Key Points:

The worst of the worst young criminals could find themselves forced to wear electronic tracking devices to school, while others could be sent to military-style boot camps.

The initiatives - announced yesterday - are part of a raft of Government measures designed to crack down on underage offenders.

Other initiatives include the doubling of Youth Court residential sentences to a maximum six months, and a widening of the court's jurisdiction, to include 12- and 13-year-olds.

The Government says about 25 youth offenders will be electronically monitored, while 40 - males and females - will go through the boot camps each year.

Another 175 will do other programmes run by providers, which the Government will insist have a military component.

Prime Minister John Key said one problem with youth offenders was disengagement from school, so if intensive monitoring with an electronic bracelet saw them back in class it was a "positive thing".

"They [bracelets] are not very intrusive in nature. As I understand it, they are an ankle bracelet so you don't necessarily see them," he said.

The monitoring will be part of "spotlight sentences" aimed at those who repeatedly breach curfews or other conditions. It will be carried out by a private contractor such as Chubb, which is currently responsible for home detention.

Secondary Schools Association president Peter Gall said the Government would have to carefully consider the implications of electronically monitoring school-aged criminals.

"A lot of thought needs to go into it. There could be discrimination against a student either way.
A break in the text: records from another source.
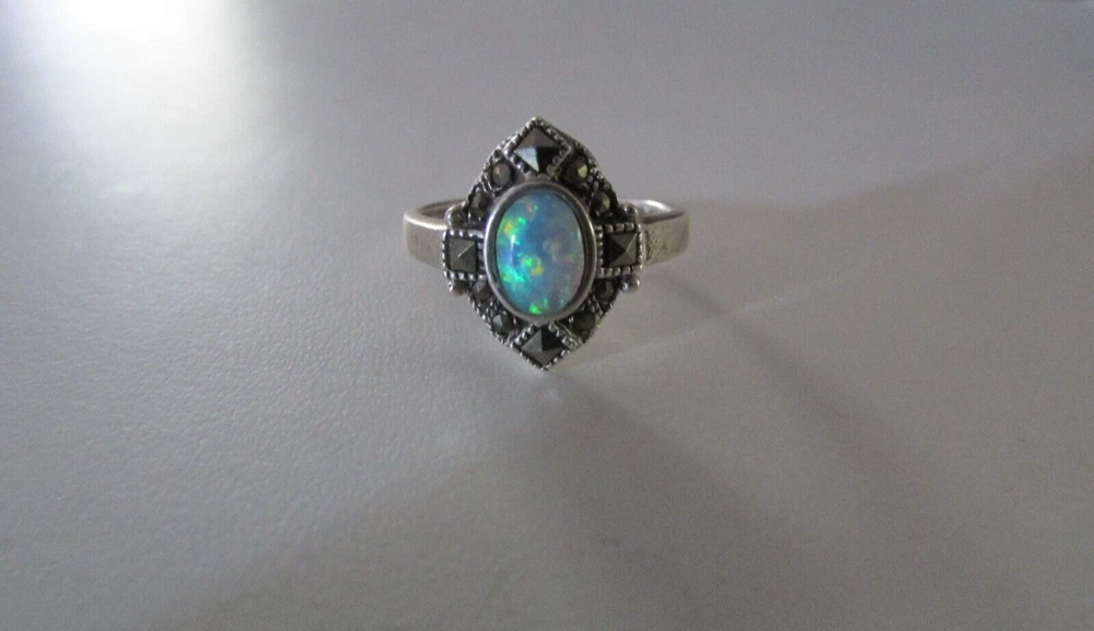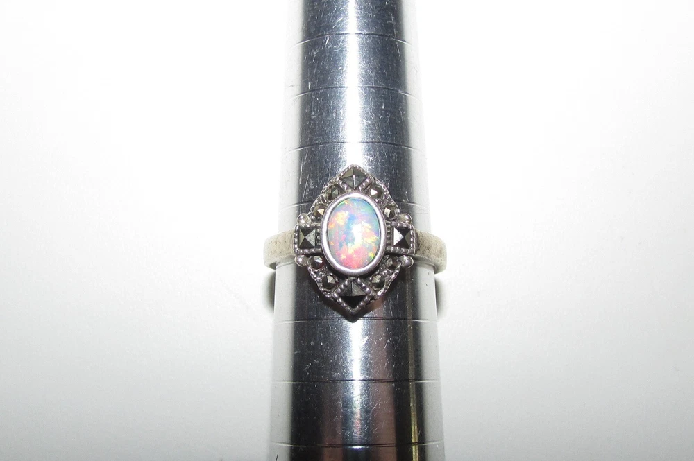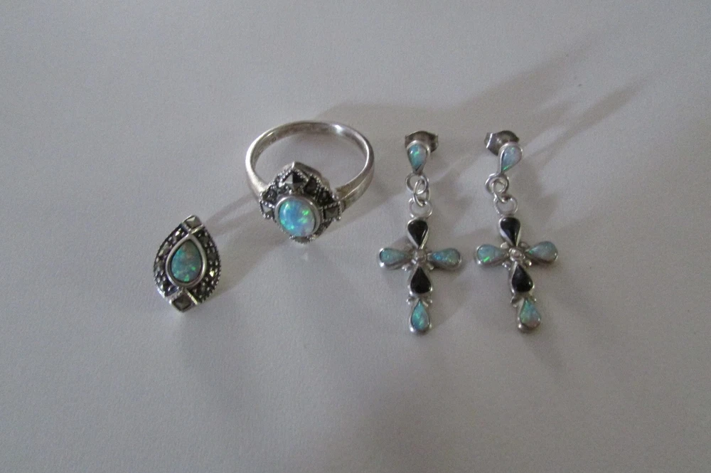 Fire opal, marcasite, and onyx with sterling silver jewelry set. Set includes a pair of cross earrings, a pendant (no chain included), and a ring. The ring is a size 8 and is stamped/signed "M 925" on the inside. The pendant is stamped/signed "M 925" on the back. The stud dangle earrings are both stamped "sterling" on the back. Stamps/signatures shown in pictures. Sold together, not separate. Buyer will receive items exactly as pictured. Shipping is United States (US) only. If outside US, contact me.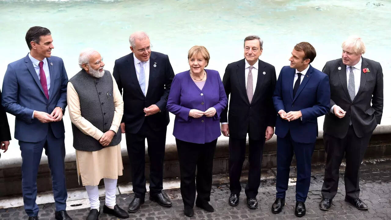 (From L) Spanish Prime Minister Pedro Sanchez, Indian Prime Minister Narendra Modi, Australian Prime Minister Scott Morrison, German Chancellor Angela Merkel, Italian Prime Minister Mario Draghi, French President Emmanuel Macron and British Prime Minister Boris Johnson visit the Trevi fountain in central Rome. (AFP photo)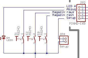 Genau genommen ist diese einfache Schaltung nicht bei allen Exemplaren gleich. Durch die relativ große Schwankung der MSP-internen Spannungsreferenz weichen die Schaltschwellen der einzelnen Pistolen voneinander ab. Wenn man dies vermeiden möchte, muß man für jede Pistole individuell z.B. Widerstand R8 anpassen. Ich habe mir das geschenkt und lebe mit der möglichen Ungerechtigkeit.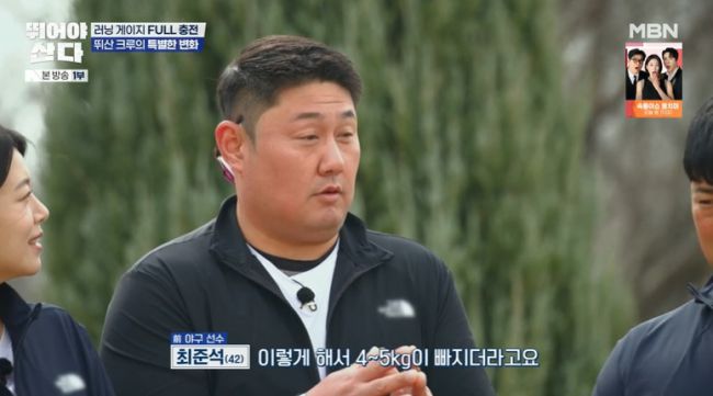 최준석이 1일 1식을 실천하며 체중 감량을 하고 있다고 밝혔다. 3일 방송된 MBN '뛰어야 산다' 3회에서 몇 멤버들은 달라진 모습으로 등장했다. 이날 방은희는 "목 디스크가 생겼다"며 깁스를 하고 나타나 눈길을 끌었다. 이어 "한 가지 좋은 점은 무릎 나이가 25~30세가 나왔다. 목은 80대"라고 덧붙였다. 달라진 모습으로 등장한 건 방은희 뿐만이 아

They might wear the bracelet as a status symbol, and attract attention for their notoriety.

"Or they might face pressure from students because they are identified as a criminal."

The boot camps will run for three months, with 10 offenders in each intake, and will be followed by nine months of support and mentoring.

The Defence Force will help develop the camps, although the Government could not say who will run them, what the regime might entail or where they would be based.

Judges will decide who goes to the camps, but the Government wants it aimed at those on their "last chance" with the court.

Labour attacked the boot camps as having previously been found to have a 92 per cent reoffending rate and producing "better, faster criminals".

Mr Key said he accepted that boot camps could be unsuccessful when in isolation and for a short time, "but we don't accept it when it's part of a more comprehensive approach".

The legislation - estimated to cost $35 million a year - will be introduced to Parliament this week, but Social Development Minister Paula Bennett said the boot camps would not be operational until after April next year.

Ms Bennett said there were safety considerations, as "it's not like you can just go down to an army camp and set it up".

Youth Court residential sentences will be a next-tier punishment, below boot camp.

The Government believes all young offenders will be able to be kept in custody or on programmes.

A 30-bed youth justice facility is due to be completed in Rotorua, and 10 more beds are to be added at the Palmerston North unit, creating a total of 150 youth custody places by December.

The Government says it will raise the yearly places on supervision with activity programmes from 125 to 175 to accommodate the new orders.

It is these programmes that will require a military-style component.

Mr Key made a big play of boot camps in his state of the nation speech last year, and the "1000 ticking time bombs" of youth offenders on the streets.

Asked if 40 young people on boot camps a year was a small number, Mr Key said the next tier of programmes meant military-style discipline would reach "hundreds".

Other initiatives include compulsory parenting education orders.